### DATA EXTRACTS

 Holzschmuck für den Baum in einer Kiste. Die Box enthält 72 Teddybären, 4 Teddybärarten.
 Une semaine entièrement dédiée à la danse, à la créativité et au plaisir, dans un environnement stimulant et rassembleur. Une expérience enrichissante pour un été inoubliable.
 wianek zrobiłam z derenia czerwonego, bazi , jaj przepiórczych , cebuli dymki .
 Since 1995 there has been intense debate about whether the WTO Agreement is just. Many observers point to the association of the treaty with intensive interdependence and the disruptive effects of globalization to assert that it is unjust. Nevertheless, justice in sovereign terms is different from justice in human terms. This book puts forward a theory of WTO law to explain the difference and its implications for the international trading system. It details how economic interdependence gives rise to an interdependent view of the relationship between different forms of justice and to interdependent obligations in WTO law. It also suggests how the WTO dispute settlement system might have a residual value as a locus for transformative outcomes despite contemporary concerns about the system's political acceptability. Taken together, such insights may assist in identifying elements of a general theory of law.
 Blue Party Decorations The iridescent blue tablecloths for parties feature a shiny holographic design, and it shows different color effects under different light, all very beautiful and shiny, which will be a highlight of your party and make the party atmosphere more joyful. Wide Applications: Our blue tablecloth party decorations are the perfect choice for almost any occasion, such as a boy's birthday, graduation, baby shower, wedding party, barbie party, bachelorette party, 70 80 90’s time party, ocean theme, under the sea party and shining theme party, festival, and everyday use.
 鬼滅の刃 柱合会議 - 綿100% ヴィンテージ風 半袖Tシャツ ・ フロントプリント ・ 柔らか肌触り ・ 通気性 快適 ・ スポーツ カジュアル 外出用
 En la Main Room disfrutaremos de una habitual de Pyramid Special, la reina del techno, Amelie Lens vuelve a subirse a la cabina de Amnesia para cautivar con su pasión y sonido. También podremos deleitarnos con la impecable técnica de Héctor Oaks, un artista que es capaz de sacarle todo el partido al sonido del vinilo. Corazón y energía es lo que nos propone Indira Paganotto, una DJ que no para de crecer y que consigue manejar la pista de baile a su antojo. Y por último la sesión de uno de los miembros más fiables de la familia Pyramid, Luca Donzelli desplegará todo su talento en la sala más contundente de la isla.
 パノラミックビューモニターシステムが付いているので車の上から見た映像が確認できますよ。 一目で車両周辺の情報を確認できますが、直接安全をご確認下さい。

######

-- PROBLEM REQUIREMENTS --
Output the lines above between the one holding "Une semaine entièrement" and the one holding "鬼滅の刃 柱合会議 - 綿100%", inclusive, with nothing before or after them.

-- EXERCISE RESULT --
 Une semaine entièrement dédiée à la danse, à la créativité et au plaisir, dans un environnement stimulant et rassembleur. Une expérience enrichissante pour un été inoubliable.
 wianek zrobiłam z derenia czerwonego, bazi , jaj przepiórczych , cebuli dymki .
 Since 1995 there has been intense debate about whether the WTO Agreement is just. Many observers point to the association of the treaty with intensive interdependence and the disruptive effects of globalization to assert that it is unjust. Nevertheless, justice in sovereign terms is different from justice in human terms. This book puts forward a theory of WTO law to explain the difference and its implications for the international trading system. It details how economic interdependence gives rise to an interdependent view of the relationship between different forms of justice and to interdependent obligations in WTO law. It also suggests how the WTO dispute settlement system might have a residual value as a locus for transformative outcomes despite contemporary concerns about the system's political acceptability. Taken together, such insights may assist in identifying elements of a general theory of law.
 Blue Party Decorations The iridescent blue tablecloths for parties feature a shiny holographic design, and it shows different color effects under different light, all very beautiful and shiny, which will be a highlight of your party and make the party atmosphere more joyful. Wide Applications: Our blue tablecloth party decorations are the perfect choice for almost any occasion, such as a boy's birthday, graduation, baby shower, wedding party, barbie party, bachelorette party, 70 80 90’s time party, ocean theme, under the sea party and shining theme party, festival, and everyday use.
 鬼滅の刃 柱合会議 - 綿100% ヴィンテージ風 半袖Tシャツ ・ フロントプリント ・ 柔らか肌触り ・ 通気性 快適 ・ スポーツ カジュアル 外出用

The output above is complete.